Pour David Treuer, la taille du festival n’a pas d’importance, ce qui compte, ce sont les rencontres : « Ecrire me permet de voyager et de sociabiliser avec de nombreuses personnes passionnées », précise l’auteur avant d’ajouter avec humour qu’il attend toujours que la richesse lui tombe dessus.
Pour l’accompagner dans cette table ronde, Michael Christie, ancien skater semi-professionnel durant 19 ans. Le Canadien, basé à Vancouver, s’est reconverti dans l’écriture après ses études de psychologie en 2008. Si le skate et l’écriture peuvent paraître aux antipodes, l’auteur trouve néanmoins de nombreuses similitudes entre ces deux pratiques : « Tu te casses aussi la figure quand tu écris ». Auteurs de quatre romans « Le jardin des mendiants » (2011), « If I fall – If I die » (2015), « Greenwood » (2020) et « Lorsque le dernier arbre » (2021), nous lui avons demandé de nous dévoiler ses secrets d’écriture.
Interview de Michael Christie
Dans quel contexte vous mettez-vous lorsque vous écrivez ?
C’est rigolo, car quand je me mets à écrire un nouveau livre ou des nouvelles, je n’ai aucune idée de ce que je fais. Il m’est même eu arrivé de comprendre mes écrits lorsque je mettais le point final. Je dirais que j’écoute les personnages qui me parlent. Je ne pense pas être schizophrénique, mais je suis convaincu qu’il faut travailler sur sa personne et ce qui nous entoure pour écrire avec de l’émotion. Pour moi, il est nécessaire d’écouter la nature. La nature aux alentours de Vancouver est une grande source d’inspiration.
On dit souvent que le peuple suisse est très sérieux et réservé, que pensez-vous de cela ?
Rire. Je ne suis ici que depuis 24 heures. Il est donc difficile d’établir un constat sur la personnalité du peuple suisse. J’ai néanmoins observé que la place de la nature était bien présente ici, donc je pense que
l’expressivité et l’émotion doivent être les mêmes que chez moi, à Vancouver.
Quelles sont les similitudes entre le skate et l’écriture ?

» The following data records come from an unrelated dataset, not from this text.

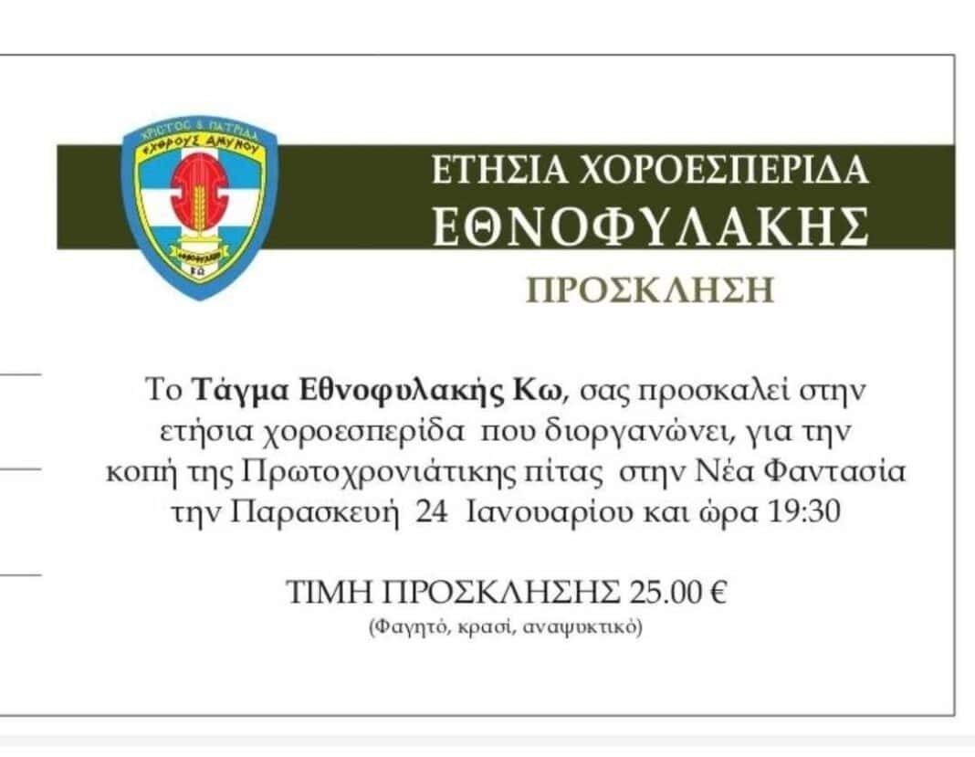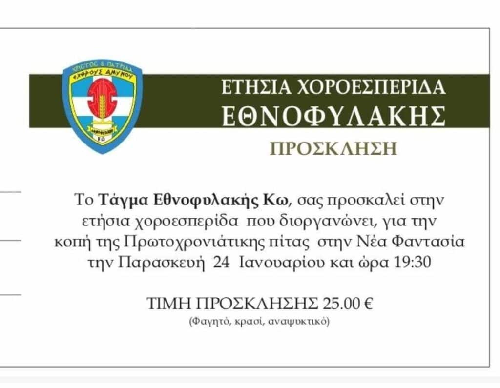 Οι Εθνοφύλακες Κω σας προσκαλούν στην ετήσια χοροεσπερίδα που διοργανώνουν για την κοπή της πρωτοχρονιάτικης πίττας την Παρασκευή 24 Ιανουαρίου στη Νέα Φαντασία στις 19.30.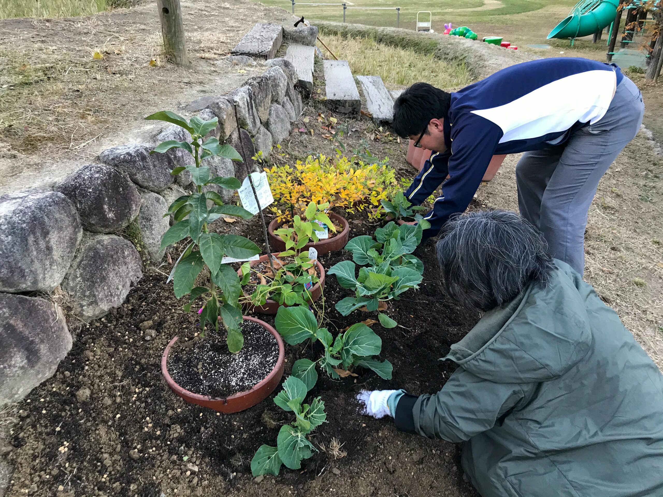 奈良学園大学との共同研究事業の一環として、大学の高岡先生監修のもと、花苗の植え付けや生き物観察会などを通して、自然と触れ合う機会を設けてきました。今年度はそれに加えて、蝶を園庭に呼び寄せたいという思いから「バタフライガーデン計画」と名付け、取組を進めていただいています。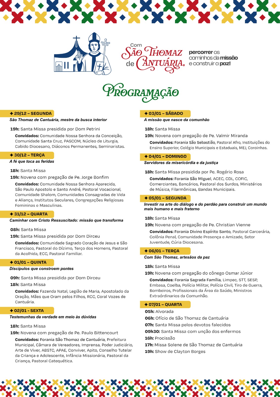 A abertura solene acontece no dia 29 de dezembro, data litúrgica dedicada ao padroeiro, com Missa às 19h, presidida pelo bispo emérito, Dom João Carlos Petrini. O novenário segue até o dia 6 de janeiro, sempre às 19h, com exceção do dia 1º de janeiro e do domingo, 4 de janeiro, quando as celebrações ocorrerão às 18h.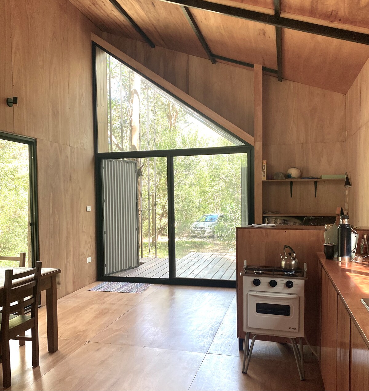 Casitas_del_ensueno: Cabaña a 50m. de la playa en medio de bosque nativo. Construida con materiales cálidos y de diseño, aberturas doble vidrio, estufa a leña, AC frio/calor, calefactores en los cuartos. Amplio espacio abierto living-cocina con todo para 4 huéspedes (max. 3 adultos), 1 dormitorio en suite con salida al deck, 2do dormitorio con cama nido (twin) y 2do baño. Wifi por FibraOptica. Pura luz y bosque a un paso del río. Estacionamiento 2 autos, parrillero, TV, hamaca, sillas de playa.
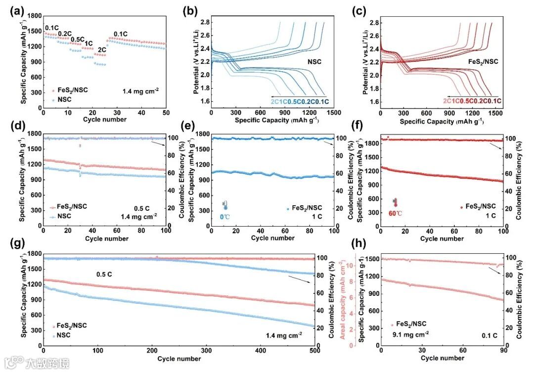 FeS2/NSC隔膜修饰层的锂硫电池表现出良好的电化学性能,在不同倍率下有良好的循环稳定性。将电池循环30圈后搁置72 h对其进行自放电测试,测试结果显示, FeS2/NSC 的容量衰减率(6.7%)低于 NSC 的容量衰减率(8.3%)。因此FeS2/NSC隔膜修饰层的电池能实现LiPSs的高效催化转化,有效抑制穿梭效应,降低自放电发生率。在长循环、高硫载和高低温下,FeS2/NSC依旧展现出良好的循环稳定性。因此,FeS2/NSC材料作为一种优良的隔膜改性材料,为锂硫电池的全天候使用和商业化提供了新的可能性。

Lorsque tu skates, tu n’as pas de chef, tu n’as pas de conseiller, tu es seul avec toi-même. C’est la même chose quand tu écris. On me questionne souvent à ce sujet. Et je réponds en disant que les chutes en écriture font tout aussi mal qu’en skate, elles sont simplement moins visibles. La créativité est sans fin dans les deux pratiques.